WHAT THE TASK ASKS -
In the entries below, find the line with "1) Check the" and the line with "泊頭市長林機械設備制造有限公", then retype both and everything between them exactly. Do not copy the pictures.

INPUT DATA -
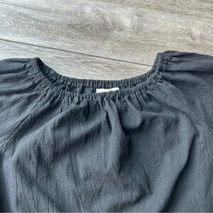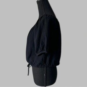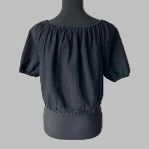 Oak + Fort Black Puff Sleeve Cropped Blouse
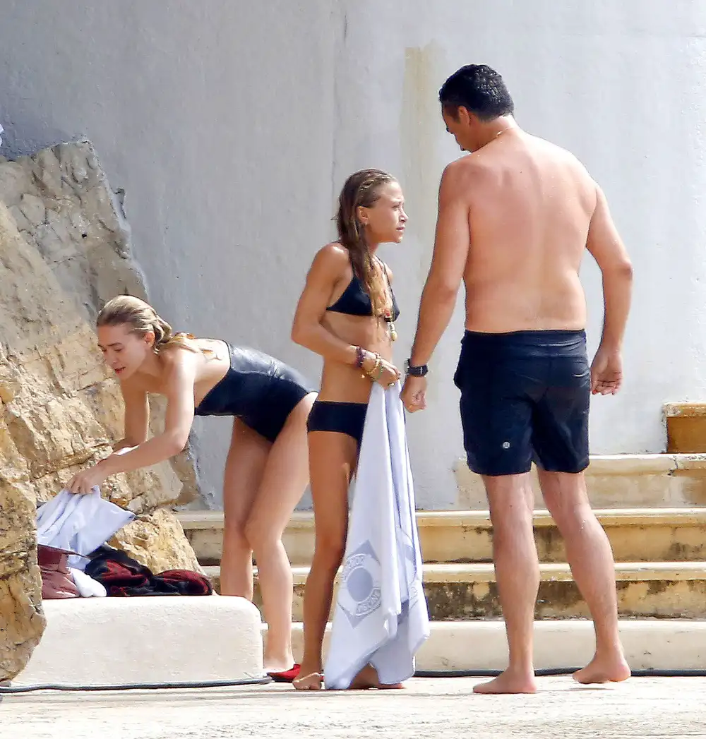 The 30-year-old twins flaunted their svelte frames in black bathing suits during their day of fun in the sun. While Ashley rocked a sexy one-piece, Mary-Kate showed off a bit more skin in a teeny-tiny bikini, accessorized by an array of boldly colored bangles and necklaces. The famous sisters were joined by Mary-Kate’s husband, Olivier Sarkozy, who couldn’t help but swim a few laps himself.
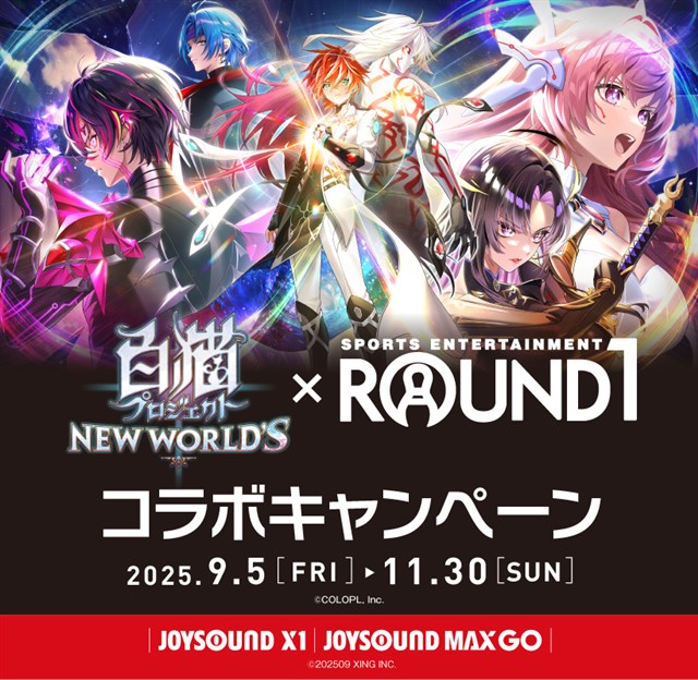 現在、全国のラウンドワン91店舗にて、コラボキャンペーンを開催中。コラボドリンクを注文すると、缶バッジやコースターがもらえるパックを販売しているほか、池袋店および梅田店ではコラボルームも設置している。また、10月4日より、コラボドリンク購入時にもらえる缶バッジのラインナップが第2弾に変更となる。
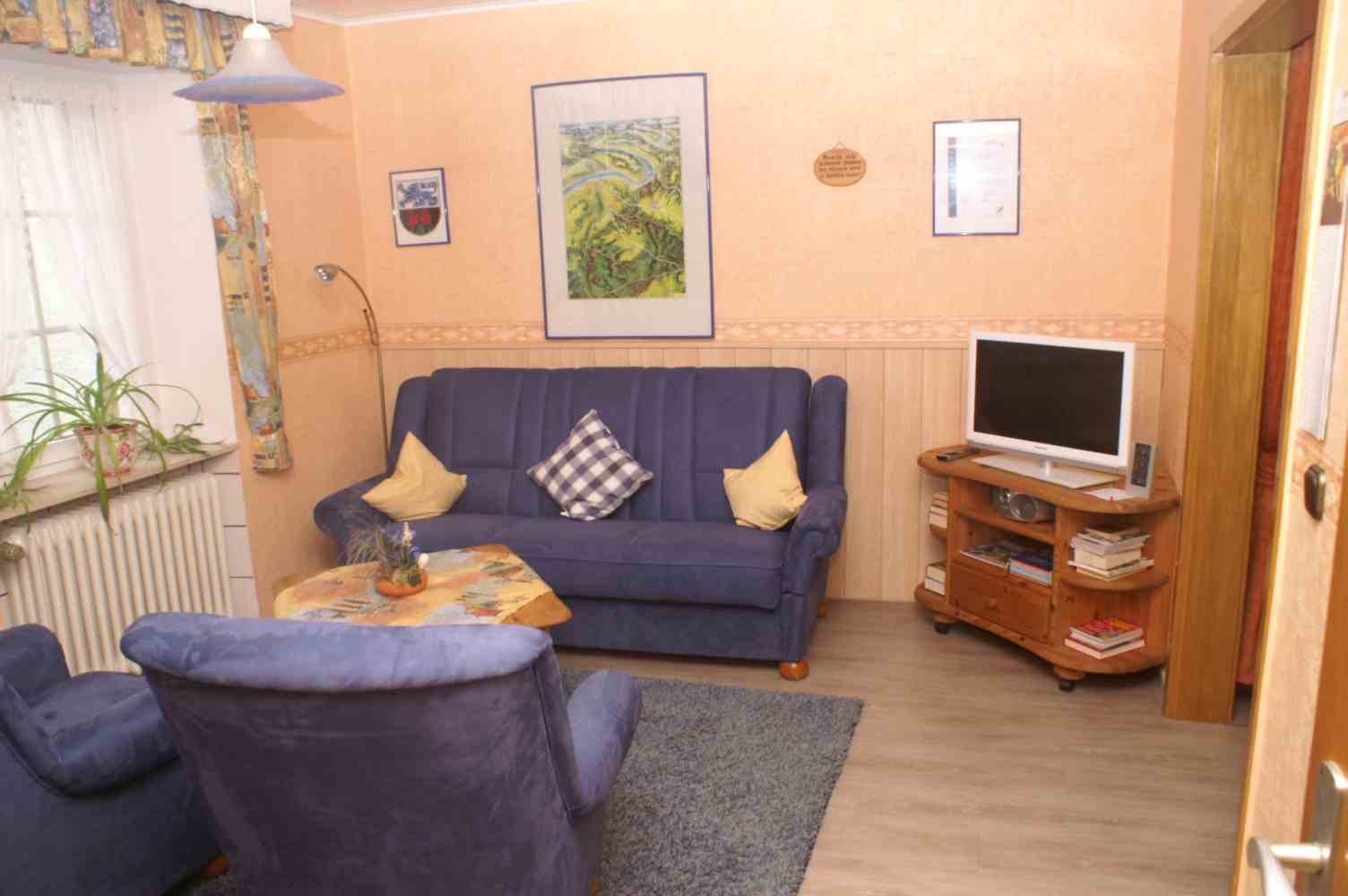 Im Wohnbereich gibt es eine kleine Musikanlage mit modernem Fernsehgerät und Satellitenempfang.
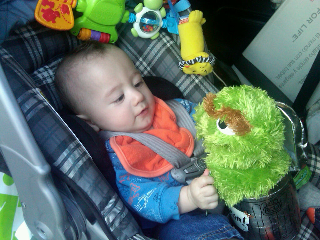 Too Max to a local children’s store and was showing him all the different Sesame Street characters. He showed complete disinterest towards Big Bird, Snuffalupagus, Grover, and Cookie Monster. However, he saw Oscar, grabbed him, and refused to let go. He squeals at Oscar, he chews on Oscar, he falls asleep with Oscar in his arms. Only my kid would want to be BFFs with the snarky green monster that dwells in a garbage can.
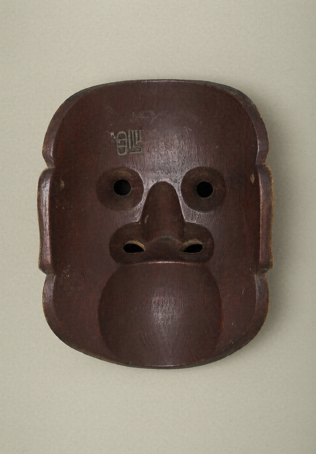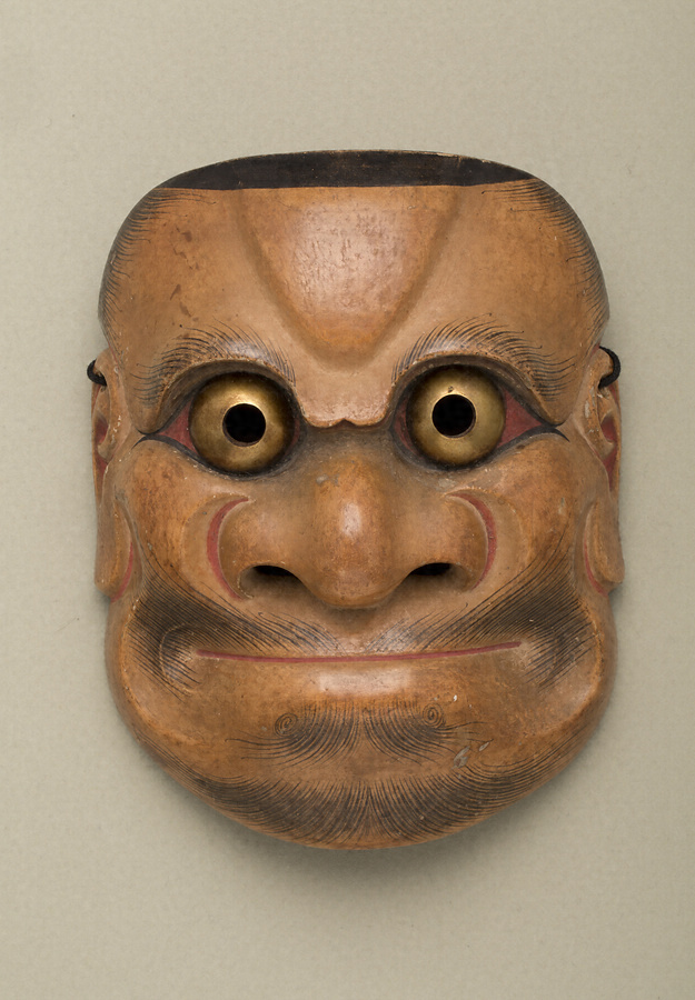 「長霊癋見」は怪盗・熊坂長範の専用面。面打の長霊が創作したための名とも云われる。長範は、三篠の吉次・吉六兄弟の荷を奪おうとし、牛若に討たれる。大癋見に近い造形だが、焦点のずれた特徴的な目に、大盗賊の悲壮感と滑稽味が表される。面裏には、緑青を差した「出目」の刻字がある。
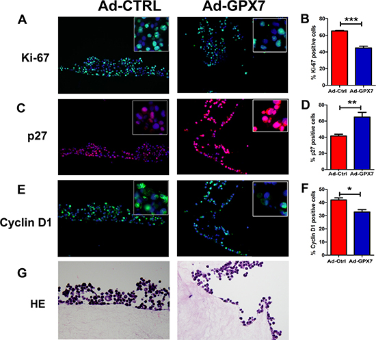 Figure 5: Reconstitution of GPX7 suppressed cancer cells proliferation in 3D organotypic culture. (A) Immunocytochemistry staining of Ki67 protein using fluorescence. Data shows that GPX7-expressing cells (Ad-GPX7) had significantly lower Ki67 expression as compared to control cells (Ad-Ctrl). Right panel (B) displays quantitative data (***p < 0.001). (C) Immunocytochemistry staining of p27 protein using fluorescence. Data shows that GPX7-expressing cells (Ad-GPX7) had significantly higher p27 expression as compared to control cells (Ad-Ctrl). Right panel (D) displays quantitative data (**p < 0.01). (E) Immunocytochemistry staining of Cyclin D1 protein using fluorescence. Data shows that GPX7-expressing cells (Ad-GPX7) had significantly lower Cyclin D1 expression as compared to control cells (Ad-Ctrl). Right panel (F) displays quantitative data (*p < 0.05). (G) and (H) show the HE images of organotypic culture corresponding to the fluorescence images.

--

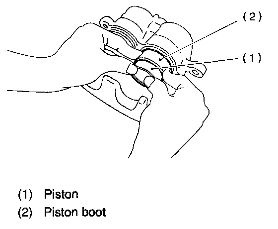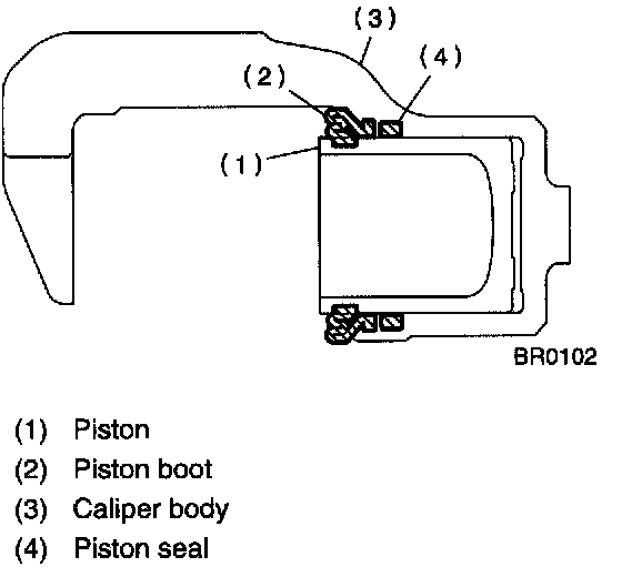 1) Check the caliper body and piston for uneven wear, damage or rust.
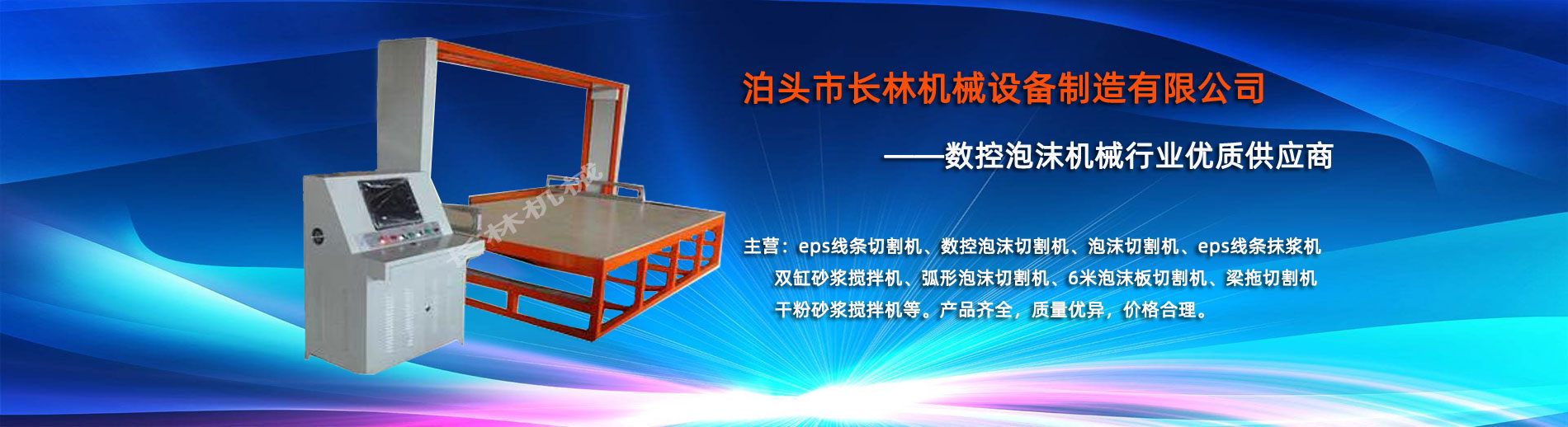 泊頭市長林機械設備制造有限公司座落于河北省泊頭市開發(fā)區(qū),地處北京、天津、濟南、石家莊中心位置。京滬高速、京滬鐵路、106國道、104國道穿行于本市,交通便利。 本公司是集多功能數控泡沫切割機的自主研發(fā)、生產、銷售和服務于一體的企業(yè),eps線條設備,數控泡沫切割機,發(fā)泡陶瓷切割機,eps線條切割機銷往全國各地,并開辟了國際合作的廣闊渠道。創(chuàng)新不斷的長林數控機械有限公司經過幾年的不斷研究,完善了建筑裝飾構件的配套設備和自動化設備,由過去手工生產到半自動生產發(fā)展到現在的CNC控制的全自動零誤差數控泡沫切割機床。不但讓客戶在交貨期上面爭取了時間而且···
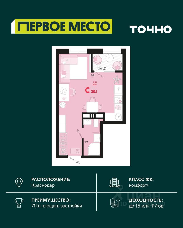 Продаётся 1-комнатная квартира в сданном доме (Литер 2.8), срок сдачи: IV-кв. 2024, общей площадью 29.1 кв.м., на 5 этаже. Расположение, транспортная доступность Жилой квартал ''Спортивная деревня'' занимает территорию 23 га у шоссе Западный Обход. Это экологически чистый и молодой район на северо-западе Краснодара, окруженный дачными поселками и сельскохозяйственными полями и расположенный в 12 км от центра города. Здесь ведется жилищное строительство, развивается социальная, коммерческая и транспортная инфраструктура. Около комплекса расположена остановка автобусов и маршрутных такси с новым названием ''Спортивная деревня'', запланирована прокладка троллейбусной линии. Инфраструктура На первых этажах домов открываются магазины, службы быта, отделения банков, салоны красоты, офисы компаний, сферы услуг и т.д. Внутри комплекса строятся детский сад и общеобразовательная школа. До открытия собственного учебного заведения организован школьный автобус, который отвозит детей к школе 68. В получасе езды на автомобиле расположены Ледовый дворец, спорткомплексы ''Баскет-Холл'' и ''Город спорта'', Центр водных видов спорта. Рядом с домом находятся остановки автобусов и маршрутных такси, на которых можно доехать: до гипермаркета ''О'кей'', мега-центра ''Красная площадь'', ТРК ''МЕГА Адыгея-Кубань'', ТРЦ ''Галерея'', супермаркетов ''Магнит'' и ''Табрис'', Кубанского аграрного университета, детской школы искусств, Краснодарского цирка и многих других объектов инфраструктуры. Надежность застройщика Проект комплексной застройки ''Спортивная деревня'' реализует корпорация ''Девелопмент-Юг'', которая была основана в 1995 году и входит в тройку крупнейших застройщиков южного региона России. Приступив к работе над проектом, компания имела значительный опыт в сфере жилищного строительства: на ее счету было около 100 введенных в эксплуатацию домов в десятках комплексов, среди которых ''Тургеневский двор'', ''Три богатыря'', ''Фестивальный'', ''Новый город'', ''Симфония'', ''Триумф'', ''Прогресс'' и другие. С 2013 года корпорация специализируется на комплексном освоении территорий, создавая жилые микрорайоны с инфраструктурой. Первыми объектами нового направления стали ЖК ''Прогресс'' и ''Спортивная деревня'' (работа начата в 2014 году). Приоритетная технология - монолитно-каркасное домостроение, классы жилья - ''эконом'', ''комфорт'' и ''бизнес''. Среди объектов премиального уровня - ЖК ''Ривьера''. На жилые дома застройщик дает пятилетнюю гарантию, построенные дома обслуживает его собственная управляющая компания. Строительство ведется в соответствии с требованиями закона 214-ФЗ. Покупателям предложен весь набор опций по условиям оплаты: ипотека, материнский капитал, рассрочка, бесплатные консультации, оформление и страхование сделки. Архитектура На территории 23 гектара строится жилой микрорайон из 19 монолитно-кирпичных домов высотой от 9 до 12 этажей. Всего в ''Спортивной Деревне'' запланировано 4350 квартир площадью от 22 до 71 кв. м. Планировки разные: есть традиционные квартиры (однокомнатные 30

OUTPUT FOR THIS TASK -
 1) Check the caliper body and piston for uneven wear, damage or rust.
 泊頭市長林機械設備制造有限公司座落于河北省泊頭市開發(fā)區(qū),地處北京、天津、濟南、石家莊中心位置。京滬高速、京滬鐵路、106國道、104國道穿行于本市,交通便利。 本公司是集多功能數控泡沫切割機的自主研發(fā)、生產、銷售和服務于一體的企業(yè),eps線條設備,數控泡沫切割機,發(fā)泡陶瓷切割機,eps線條切割機銷往全國各地,并開辟了國際合作的廣闊渠道。創(chuàng)新不斷的長林數控機械有限公司經過幾年的不斷研究,完善了建筑裝飾構件的配套設備和自動化設備,由過去手工生產到半自動生產發(fā)展到現在的CNC控制的全自動零誤差數控泡沫切割機床。不但讓客戶在交貨期上面爭取了時間而且···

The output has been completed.